Having failed to enshrine the Voice, he will want to go down in history as more than just the guy who brought back free TAFE. Like Keating before him, who gave us Native Title, Albanese is itching for a lasting policy signature.

Enter: the two-tier tax system.  With the Super tax extended to other forms of capital gains.

Imagine this: a capital gains regime that taxes unrealised gains across all assets over $3 million—land, shares, property, farms. Not just for super accounts, but for individuals.

Let’s not forget that Albo’s proposal to tax superannuation balances exceeding $3 million was announced on February 28, 2023, after the last federal election, not before.

The policy aims to increase the concessional tax rate on earnings for these balances from 15 per cent to 30 per cent, starting from July 1, 2025

As of April 2025, the enabling legislation had not been passed but no doubt should labor win the the changes will pass (those who voted for the Greens and Teals from rich suburbs might learn a painful lesson.

Approximately 80,000 Australians, representing about 0.5 per cent of superannuation account holders with earnings on superannuation balances above $3 million being taxed at 30 per cent, while earnings on balances below this threshold will continue to be taxed at the existing 15 per cent rate.? Here is the beauty of the legislation for the government the $3 million threshold is not indexed to inflation so over time that 0.5 per cent will become 5 per cent and eventually 50 per cent of super policy holders.

A quick look at the electoral map shows why this government feels safe at targeting those with a degree of wealth.
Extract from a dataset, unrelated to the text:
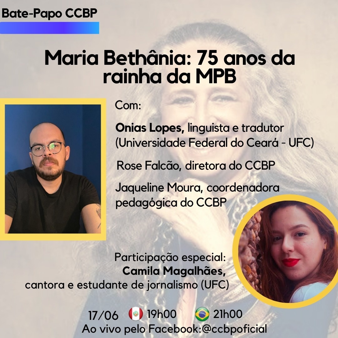 Contaremos com a participação de Onias Lopes, linguista e tradutor (Universidade Federal do Ceará - UFC), e Camila Magalhães, cantora e estudante de jornalismo da UFC.

The ALP’s real base is still outer urban—the red belts of Sydney, Melbourne and Brisbane. Whereas regional Australia, far from where the 80,000 holders of more than $3m in super and the 80,000 farmers live, overwhelmingly vote blue.
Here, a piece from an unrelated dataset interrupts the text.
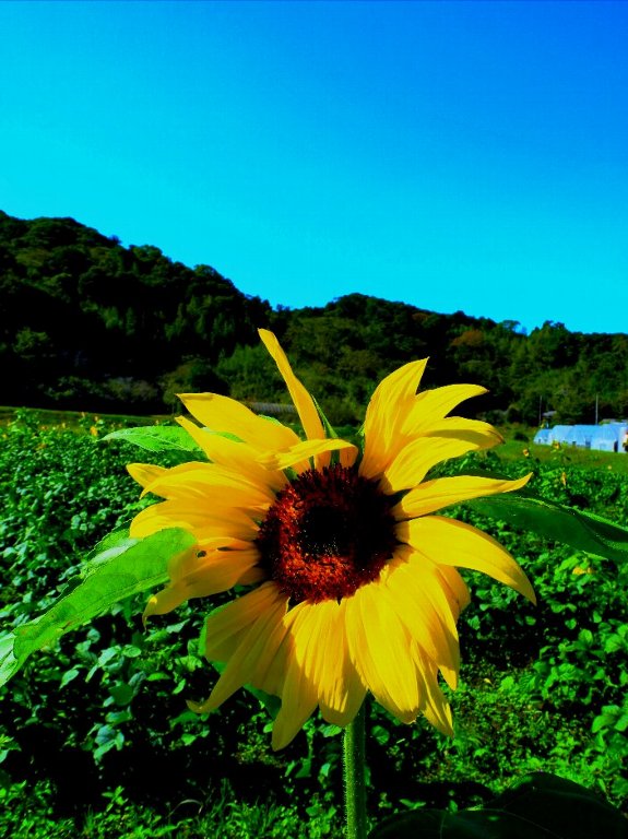 ゆるりとした田園風景の中、ひまわりが咲いている。

What better policy for the Left than to go after the 1 per cent of the voting capitalist class in one simple policy with no political cost as the inner seats will be held by the Teals and the country seats by the Liberal and Nationals.

After all, it’s not their base that’ll feel the pain. And they’ll spin it as a blow against the privileged class, nothing like a bit of class envy to get the socialists’ juices running and we are talking about a hopeless socialist government.

But for farmers, it would be devastating. Because once you set a precedent for taxing unrealised gains, there is no going back.

It becomes a tool for ideologues to reshape the economy, punish generational wealth, and finance their ideological fancies. It would be taking us back to the days of inheritance taxes forcing farming families to sell assets to pay phantom tax bills, something that is now locked and loaded into the UK tax system.

The end result is the end of the intergenerational farming family and the takeover of corporate farming by another creature of Keating, the superannuation system, which just loves to buy a big asset class like rural land.

Final thoughts

So here is the takeaway in these final days before the election:

  • Beware a Prime Minister with nothing to lose.
  • Beware a Treasurer who dreams of remaking capitalism in his own image.
  • Beware a party that finds policy inspiration from across the socialist seas.
  • And most of all, beware any politician who talks about taxing unrealised capital gains and refuses to rule it out. Because if they won’t rule it out now, imagine what they’ll do once they think no one can stop them.